■ TASK TO CARRY OUT:
Only the lines below from the one containing "Joint Health Support" through the one containing "Otelinize gelen müşterilerinizi" belong in the answer, repeated exactly and without pictures.

■ DATASET ENTRIES:
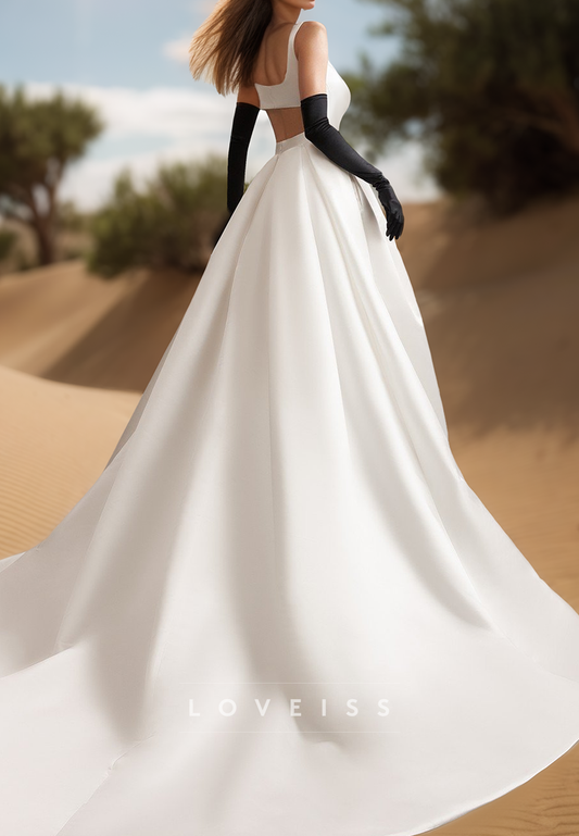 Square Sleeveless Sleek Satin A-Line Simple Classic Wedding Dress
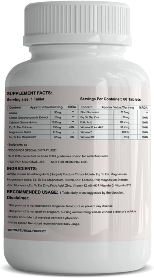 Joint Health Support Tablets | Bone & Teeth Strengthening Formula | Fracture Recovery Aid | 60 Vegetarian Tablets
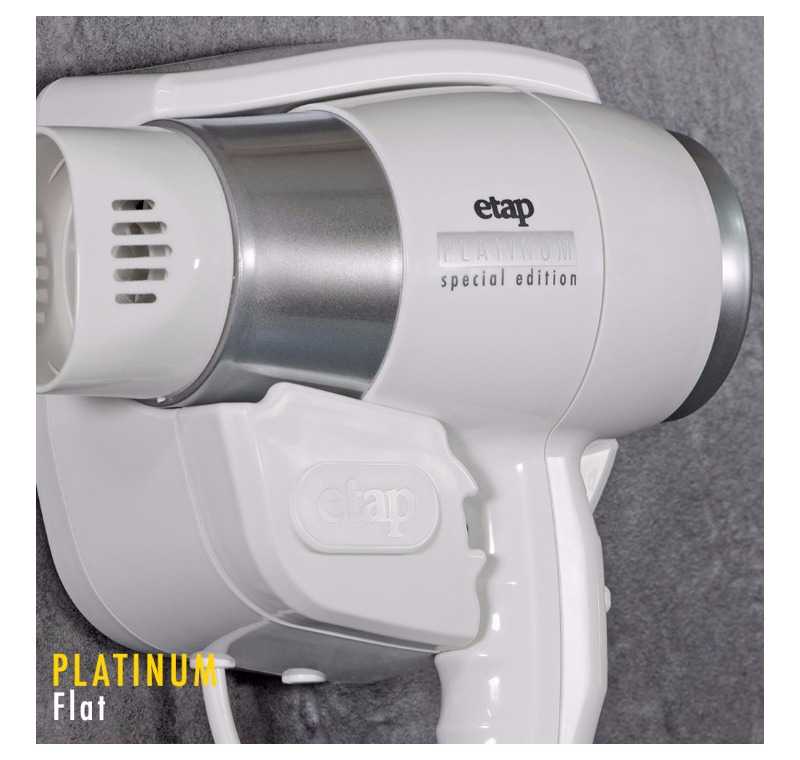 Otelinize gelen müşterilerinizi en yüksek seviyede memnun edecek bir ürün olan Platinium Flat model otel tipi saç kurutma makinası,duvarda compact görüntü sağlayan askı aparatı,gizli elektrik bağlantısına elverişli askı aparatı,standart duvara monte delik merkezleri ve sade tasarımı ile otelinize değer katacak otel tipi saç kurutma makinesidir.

==

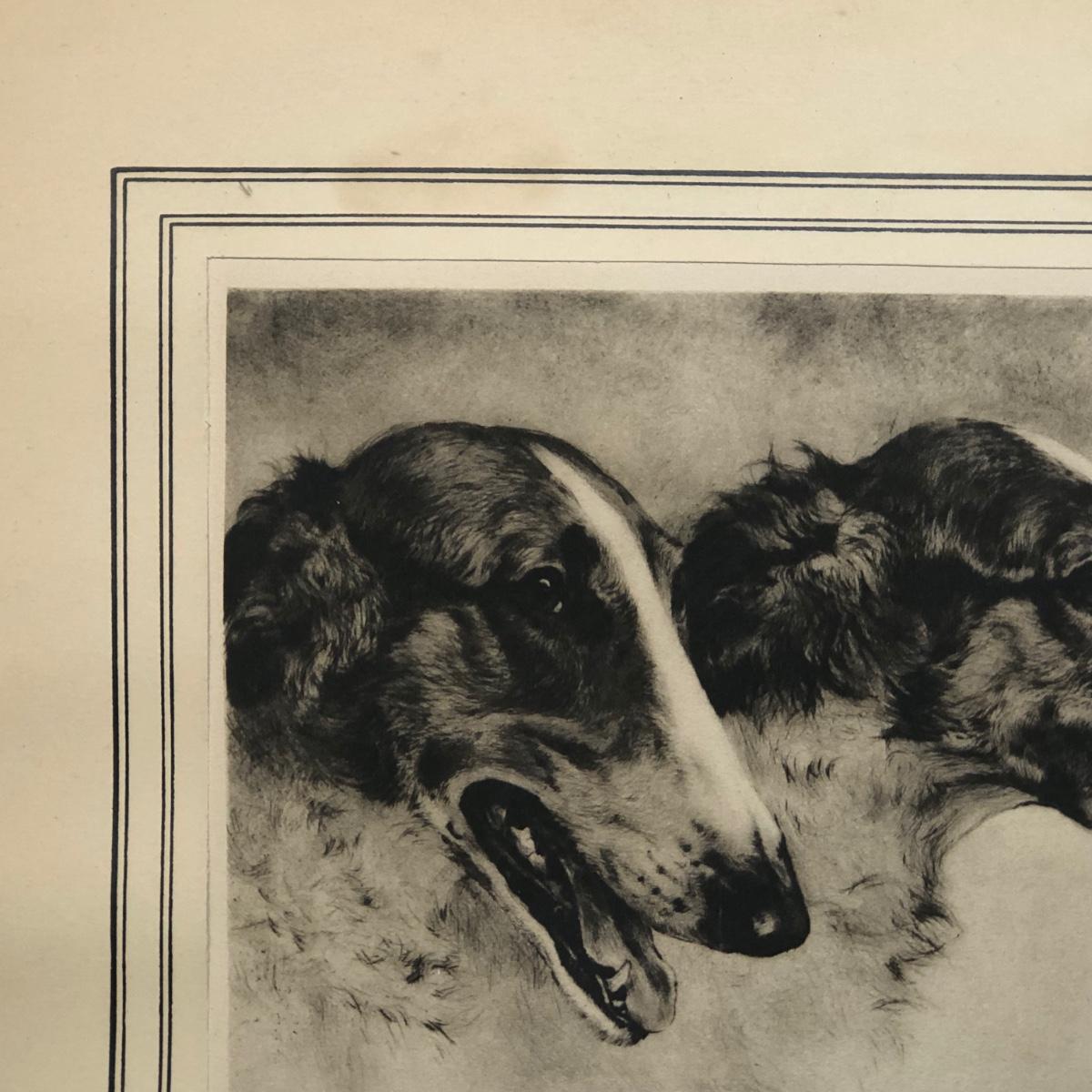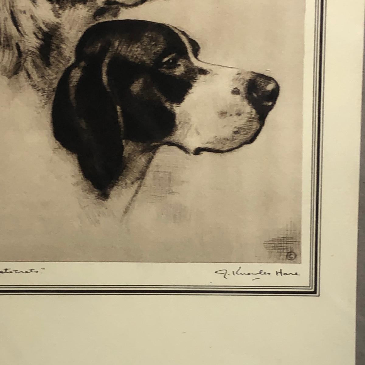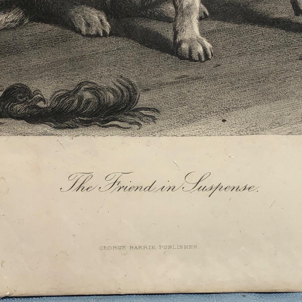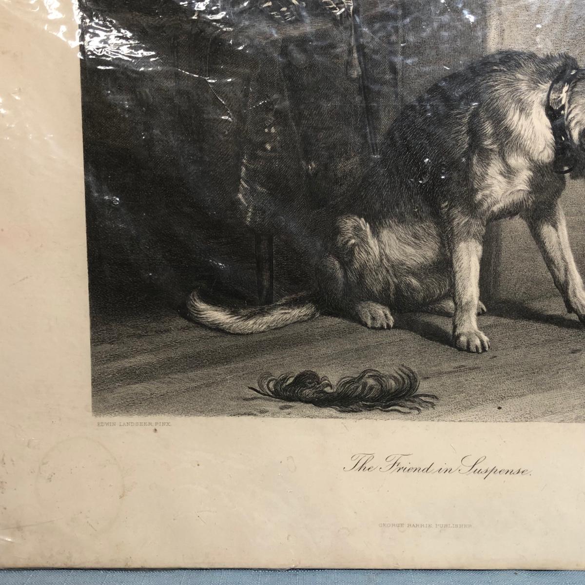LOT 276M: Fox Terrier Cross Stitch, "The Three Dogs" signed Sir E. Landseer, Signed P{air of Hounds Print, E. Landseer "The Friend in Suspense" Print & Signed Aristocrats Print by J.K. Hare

■ YOUR RESPONSE:
 Joint Health Support Tablets | Bone & Teeth Strengthening Formula | Fracture Recovery Aid | 60 Vegetarian Tablets
 Otelinize gelen müşterilerinizi en yüksek seviyede memnun edecek bir ürün olan Platinium Flat model otel tipi saç kurutma makinası,duvarda compact görüntü sağlayan askı aparatı,gizli elektrik bağlantısına elverişli askı aparatı,standart duvara monte delik merkezleri ve sade tasarımı ile otelinize değer katacak otel tipi saç kurutma makinesidir.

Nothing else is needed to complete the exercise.